[Your assignment]
Which lines have the string "diǎn"? Copy all of them from the entries below.

[Material to process]

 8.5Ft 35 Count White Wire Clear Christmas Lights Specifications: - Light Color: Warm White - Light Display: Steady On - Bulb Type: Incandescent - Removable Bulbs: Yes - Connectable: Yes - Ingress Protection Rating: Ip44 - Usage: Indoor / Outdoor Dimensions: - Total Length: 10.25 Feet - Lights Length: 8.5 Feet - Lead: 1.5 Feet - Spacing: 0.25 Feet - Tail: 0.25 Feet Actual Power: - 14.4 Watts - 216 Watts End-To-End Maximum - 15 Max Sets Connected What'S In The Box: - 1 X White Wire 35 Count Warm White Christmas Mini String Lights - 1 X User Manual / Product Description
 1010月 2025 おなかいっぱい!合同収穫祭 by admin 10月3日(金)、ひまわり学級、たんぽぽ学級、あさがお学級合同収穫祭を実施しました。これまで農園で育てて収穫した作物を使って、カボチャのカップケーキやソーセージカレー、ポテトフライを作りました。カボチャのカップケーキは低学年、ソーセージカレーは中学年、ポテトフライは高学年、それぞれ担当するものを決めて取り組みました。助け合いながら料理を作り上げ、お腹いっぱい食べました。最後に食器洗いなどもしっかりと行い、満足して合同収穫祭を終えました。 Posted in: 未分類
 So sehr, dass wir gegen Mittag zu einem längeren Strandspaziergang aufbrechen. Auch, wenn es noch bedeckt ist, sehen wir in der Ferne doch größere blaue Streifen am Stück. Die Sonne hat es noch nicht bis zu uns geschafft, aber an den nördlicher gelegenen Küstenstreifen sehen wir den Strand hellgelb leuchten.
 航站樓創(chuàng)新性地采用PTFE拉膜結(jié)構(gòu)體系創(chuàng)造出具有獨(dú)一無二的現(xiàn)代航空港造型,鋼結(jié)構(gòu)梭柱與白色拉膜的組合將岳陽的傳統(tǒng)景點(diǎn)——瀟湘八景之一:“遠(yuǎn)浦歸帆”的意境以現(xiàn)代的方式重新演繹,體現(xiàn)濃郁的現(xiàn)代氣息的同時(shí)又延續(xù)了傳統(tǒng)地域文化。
* * *
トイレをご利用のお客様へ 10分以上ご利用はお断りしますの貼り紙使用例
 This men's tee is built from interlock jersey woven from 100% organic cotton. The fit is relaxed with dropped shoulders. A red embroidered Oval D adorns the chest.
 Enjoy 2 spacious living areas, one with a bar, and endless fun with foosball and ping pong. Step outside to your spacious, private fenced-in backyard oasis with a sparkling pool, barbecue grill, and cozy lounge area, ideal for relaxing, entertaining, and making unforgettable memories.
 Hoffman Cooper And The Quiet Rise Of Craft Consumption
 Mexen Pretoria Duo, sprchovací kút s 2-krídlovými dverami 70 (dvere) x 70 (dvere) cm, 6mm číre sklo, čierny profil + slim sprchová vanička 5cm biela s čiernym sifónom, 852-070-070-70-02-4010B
* * *
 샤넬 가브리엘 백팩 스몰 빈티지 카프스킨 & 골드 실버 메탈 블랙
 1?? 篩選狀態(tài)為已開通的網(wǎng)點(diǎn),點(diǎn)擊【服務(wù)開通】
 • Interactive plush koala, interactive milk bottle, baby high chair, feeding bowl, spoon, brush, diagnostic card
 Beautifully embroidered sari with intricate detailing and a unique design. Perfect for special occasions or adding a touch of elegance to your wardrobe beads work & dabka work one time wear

[Output of the exercise]
 航站樓創(chuàng)新性地采用PTFE拉膜結(jié)構(gòu)體系創(chuàng)造出具有獨(dú)一無二的現(xiàn)代航空港造型,鋼結(jié)構(gòu)梭柱與白色拉膜的組合將岳陽的傳統(tǒng)景點(diǎn)——瀟湘八景之一:“遠(yuǎn)浦歸帆”的意境以現(xiàn)代的方式重新演繹,體現(xiàn)濃郁的現(xiàn)代氣息的同時(shí)又延續(xù)了傳統(tǒng)地域文化。
 1?? 篩選狀態(tài)為已開通的網(wǎng)點(diǎn),點(diǎn)擊【服務(wù)開通】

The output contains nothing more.